= 2013 Eliteserien promotion/relegation play-offs =

Norwegian football league play-offs

The 2013 Eliteserien promotion/relegation play-offs was the 40th time a spot in the Norwegian top flight was decided by play-off matches between top tier and second level clubs.

At the end of the 2013 season, Tromsø and Hønefoss were relegated directly to the 2014 1. divisjon, and was replaced by Bodø/Glimt and Stabæk who were directly promoted.

==Background==
The play-offs between Eliteserien and 1. divisjon have been held every year since 1972 with exceptions in 1994 and 2011. They take place for the two divisions following the conclusion of the regular season and are contested by the fourteenth-placed club in Eliteserien and the four clubs finishing below the automatic promotion places in 1. divisjon. The fixtures are determined by final league position – the first to knockout-rounds begins with the four teams in the 1. divisjon: 3rd v 6th and 4th v 5th, and the winner then play each other to determine who meet the Eliteserien club in the final.

==Qualified teams==
Five teams entered a play-off for the last Eliteserien spot for the 2014 season. These were:
- Sarpsborg 08 (14th placed team in the Tippeligaen)
- Hødd (third placed team in the 1. divisjon)
- Ranheim (fourth placed team in the 1. divisjon)
- HamKam (fifth placed team in the 1. divisjon)
- Mjøndalen (sixth placed team in the 1. divisjon)

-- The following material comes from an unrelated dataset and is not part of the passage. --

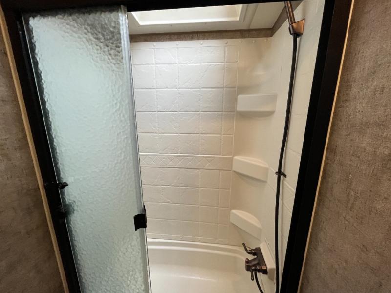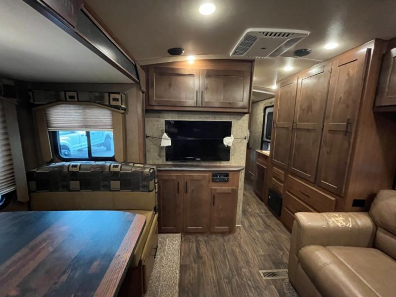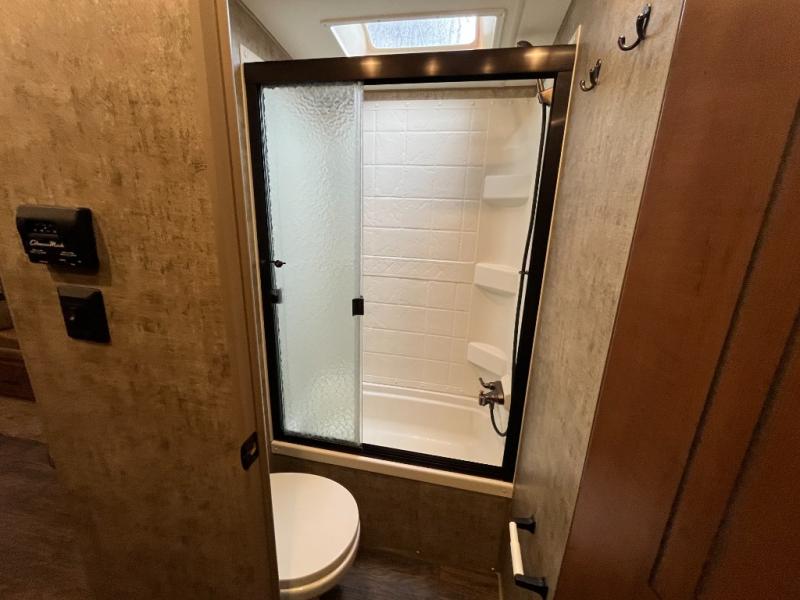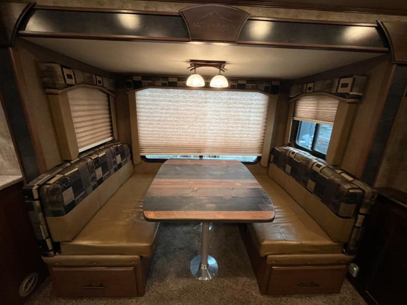 A road side slide out mountain dinette is perfect for mealtime, playing games, and provides sleeping space. In front of the dinette you are sure to enjoy the natural light provided by the skylight. Adjacent to the slide you will find an entertainment center with 32" LED TV for your inside enjoyment.

The four 1. divisjon teams first played a single game knockout tournament, with the winner (Ranheim) advancing to a two-legged tie against the Eliteserien team (Sarpsborg 08) for the 16th and final spot in the 2014 Eliteserien season. Sarpsborg 08 maintained their position in the top flight with a 3–0 win on aggregate against Ranheim.

==Matches==
The third to sixth-placed teams in 2013 1. divisjon took part in the promotion play-offs; these were single leg knockout matches, two semi-finals and a final. The winners of the second round, Ranheim, advanced to play the 14th placed team in Tippeligaen over two legs in the Eliteserien play-offs for a spot in the top flight the following season.

===First round===

Final league position – 1. divisjon
| Pos | Team | Pld | W | D | L | GF | GA | GD | Pts |
| 3 | Hødd | 30 | 15 | 5 | 10 | 41 | 31 | +10 | 50 |
| 4 | Ranheim | 30 | 14 | 7 | 9 | 49 | 38 | +11 | 49 |
| 5 | HamKam | 30 | 14 | 6 | 10 | 49 | 43 | +6 | 48 |
| 6 | Mjøndalen | 30 | 14 | 5 | 11 | 37 | 40 | –3 | 47 |

Ranheim 2-0 HamKam
  Ranheim: Eek 45', Løkberg 86'

Hødd 0-2 Mjøndalen
  Mjøndalen: Diomande 39', Gauseth 48'

===Second round===

Mjøndalen 1-4 Ranheim
  Mjøndalen: Eek 71'
  Ranheim: Rønning 8', Eek 31', Aas 68', Krogstad 75'

===Final===
The 14th-placed team, Sarpsborg 08, took part in a two-legged play-off against Ranheim, the winners of the 2013 1. divisjon promotion play-offs, to decide who would play in the 2014 Tippeligaen.

- First leg

Sarpsborg 08 1-0 Ranheim
  Sarpsborg 08: Samuel 45'
----
- Second leg

Ranheim 0-2 Sarpsborg 08
  Sarpsborg 08: Elyounoussi 35', 59'
Sarpsborg 08 won 3–0 on aggregate and maintained their position in the 2014 Tippeligaen; Ranheim stayed in the 1. divisjon.